On instillation, ophthalmic in situ gelling systems undergo a phase transition in the conjunctival sac in response to the environmental conditions (pH, temperature, and ionic charge) to form a viscoelastic gel. Increased viscosity brings about a prolonged residence time on the ocular surface. The active substance is released in a sustained manner which leads to enhanced bioavailability.^5,46 A natural polymer, chitosan, is often supplemented in ophthalmic formulations due to its endogenous mucoadhesive nature. Its positively charged amino groups interact with the negatively charged layer of the tear-film mucinous layer. The association of chitosan with stimuli-responsive polymers increases the mechanical strength of the formulation, resulting in an exponential increase in bioavailability.⁴⁷ Table 2 summarizes the commercially available in situ-formulated gels.^{28,31,33,46
–49} Drug-loaded nanocarriers incorporated in situ-forming gels exhibit pronounced prospects for efficient sustained ophthalmic drug therapy.
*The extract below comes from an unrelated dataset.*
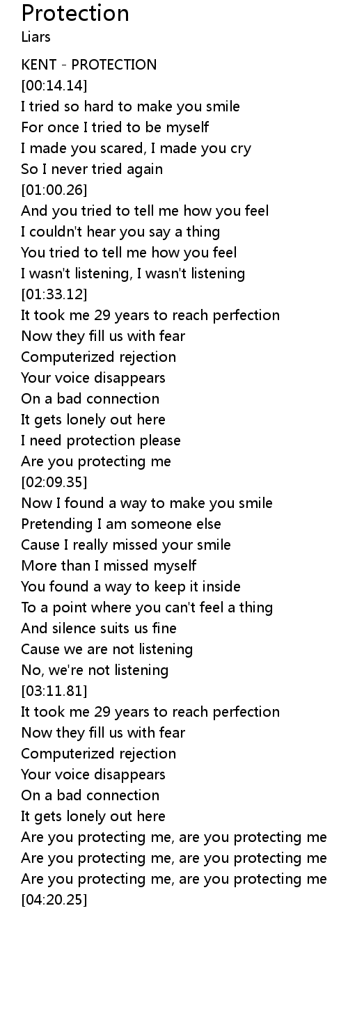 | [03:38.67] | Are you protecting me, are you protecting me |

The nanoparticulate in situ-forming gels are designed to explore the double benefit of nanocarriers and in situ gelling systems. On the one hand, nanocarriers are able to permeate across ocular drug delivery barriers, solubilize poorly soluble active compounds, and enhance the pharmacokinetic profile of the administered drug by both protecting from physical, chemical, and biological degradation and enabling tissue targeting. On the other hand, gels afford extended retention on the ocular surface, sustained drug release combined with comprehensive biocompatibility, and a vastly well-tolerated patient profile. Ongoing preclinical studies yielded auspicious results.^{26,48,50
–54} Indicatively, a newly developed curcumin-loaded ocular nanogel taking advantage of a cationic nanostructured lipid carrier exhibited a notably superior pharmacokinetic profile against the corresponding curcumin solution, denoting a significantly improved bioavailability.⁵⁵ Furthermore, microsphere-loaded ion-activated in situ gel of ofloxacin-exhibited in vivo in rabbits enhanced bioavailability by 11.7 times relative to the commercial ofloxacin eye drops (0.3% w/v).⁵⁶

Table 2.

Commercially available topical formulations based on in situ-forming gels.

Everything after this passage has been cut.